### WHAT THIS TASK INVOLVES
Reproduce exactly the lines from the one containing "Xperia Home ยังคงมี" through the end of the listing, minus the pictures.

### DATA BLOCK
● ● ● ● ●
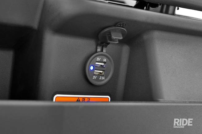 트렁크 이외에도 전면 개방형 글러브 박스가 있어 간단한 소지품들을 수납할 수 있다. 스쿠터를 타다보면 스마트폰 또는 헬멧용 블루투스 리시버 등 다양한 전자기기들을 충전해야 하는데 GS100에는 이를 위한 충전용 USB단자가 마련되어 있다. 왼쪽 글러브박스에 자리하고 있는 USB단자는 5V 2.1A, 5V 1A 2구로, 동시에 두 개의 전자기기를 충전할 수 있으며 평소에는 방수커버로 덮어 눈이나 비로부터 보호할 수 있다.
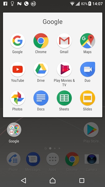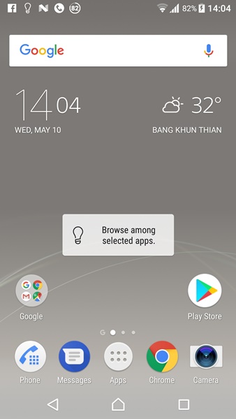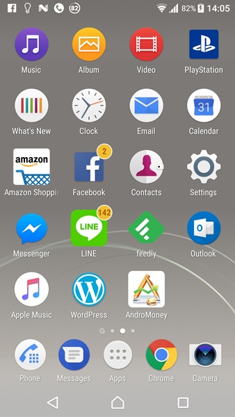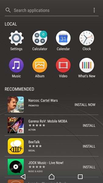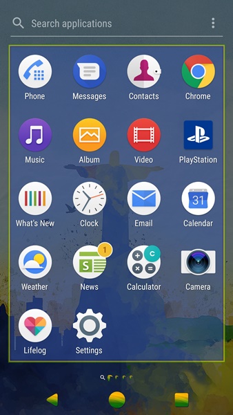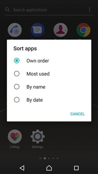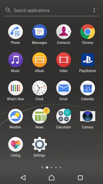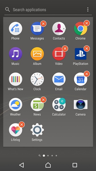 Xperia Home ยังคงมี App Drawer ให้ใช้งานตามมาตรฐาน Android โดยอาศัยการปัดไปด้านข้างเพื่อเปลี่ยนหน้า นอกจากนั้นเราสามารถเลือกเรียงลำดับ app ได้ตามชื่อ, วันที่ติดตั้ง หรือจัดเรียงเองตามต้องการ และยังสามารถสั่งลบ app ที่ไม่ต้องการออกได้ด้วย
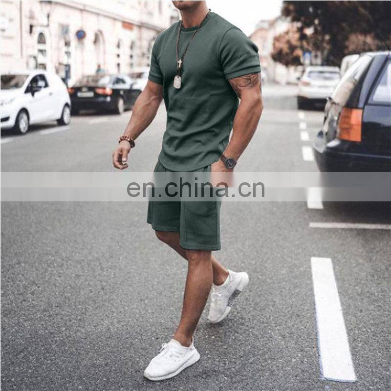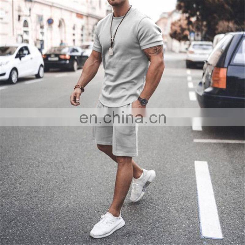 Hot Selling Summer Two Piece Set Men Tracksuit Solid Color Mens t Shirt and Short Set
● ● ● ● ●
### RESULT BELOW
 Xperia Home ยังคงมี App Drawer ให้ใช้งานตามมาตรฐาน Android โดยอาศัยการปัดไปด้านข้างเพื่อเปลี่ยนหน้า นอกจากนั้นเราสามารถเลือกเรียงลำดับ app ได้ตามชื่อ, วันที่ติดตั้ง หรือจัดเรียงเองตามต้องการ และยังสามารถสั่งลบ app ที่ไม่ต้องการออกได้ด้วย
 Hot Selling Summer Two Piece Set Men Tracksuit Solid Color Mens t Shirt and Short Set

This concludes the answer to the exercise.